Digital brokers could fix poor government service delivery

Some progress has made to improve online services but more work needs to be done, says Paul Fletcher

Paul Fletcher: More work needs to be done to improve citizen access to government services online

Paul Fletcher: More work needs to be done to improve citizen access to government services online

Employing digital service brokers to deliver online government services for citizens has been flagged as a way to repair the public sector’s bad reputation for service delivery.

A report compiled by NICTA, and released on Wednesday by Paul Fletcher, parliamentary secretary to the minister for communications, said there is an increasing role for these brokers to deliver traditional government services to citizens.

“Globally, governments have developed a bad reputation when it comes to service delivery for citizens – paper-based forms being mailed out and mailed back in again; lengthy waiting period and byzantine processes which are out-of-step with a world accustomed to instant, always-on communications,” Fletcher said at the FutureGov Summit in Canberra.

The National Commission of Audit earlier this year discovered that in 2012, 50 per cent of the services provided by the Department of Human Services were not conducted online, Fletcher said.

“The ATO still sends out 10 million notices a year in hardcopy,” said Fletcher.

Fletcher said the Abbott government had committed to improving the delivery of government services online with its ‘Convenient Services Anytime Anywhere’ policy launched during the last election.

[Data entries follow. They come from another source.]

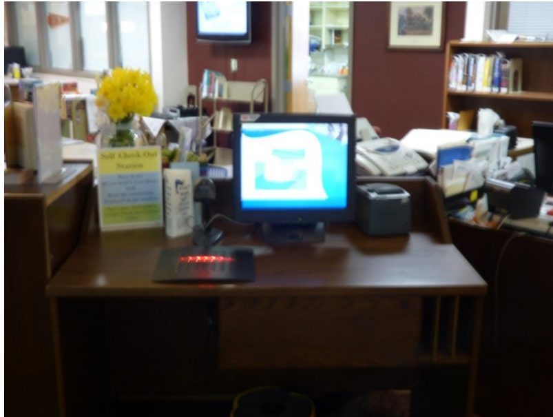
Self-Checkout Station, Fax Machine and one staff workstation to the right (hidden).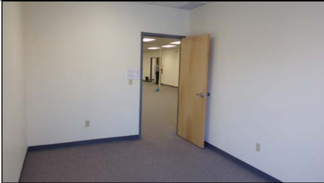
Figure 8 – Offices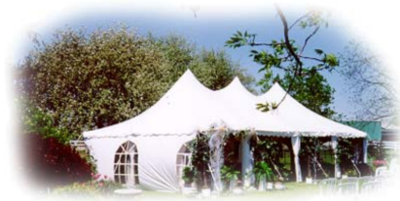
Pole tent 20 x 40' Windows No. 001

The NICTA report cited brokers such as the UK’s Digital Government Service, and Australian examples like Service NSW and Canberra Connect, and HubCare.

In eight years, HubCare – an independent broker operating in the childcare and community sector – has expanded to cover 1,200 early childhood services for 1.4 million customers.

Users who opt-in to the HubCare app can update their details and share documents and information across many public sector agencies without having to go through the same process each time to access a different service.

Fletcher said citizens want the same, efficient service experience they get from private sector organisations such as online retailers, airlines, and banks.

Fletcher cited recent blog by Liam Maxwell, head of the UK Digital Government Service, who said the government services are no longer run as huge monolithic silos.

Rather, the UK government has created reusable, interconnected, easily replaceable components that can be used and shared by everyone.

This initiative is a telling contrast to the typical government response to IT project design where everything is done in-house and a department decides what the end user wants, Fletcher said.

“The typical mindset is that government should own the data and control the data within departmental silos. But this approach is increasingly incompatible with end user needs in the digital age,” he said.

However, Fletcher said there has been good progress in some areas. For instance, myGov provides a central account linked to Medicare, Centrelink, The Australian Taxation Office, Child Support, The Department of Health, The Department of Veterans Affairs, and The National Disability Insurance Agency services, he said.

“The [myGov] site has around 5 million registered users and is accessed by over 150,000 users each week,” he said.

Other areas where progress has been solid include online tax returns, electronic visa processing and cargo manifests.

“But there is much yet to be done and Australians are clamouring for more,” said Fletcher.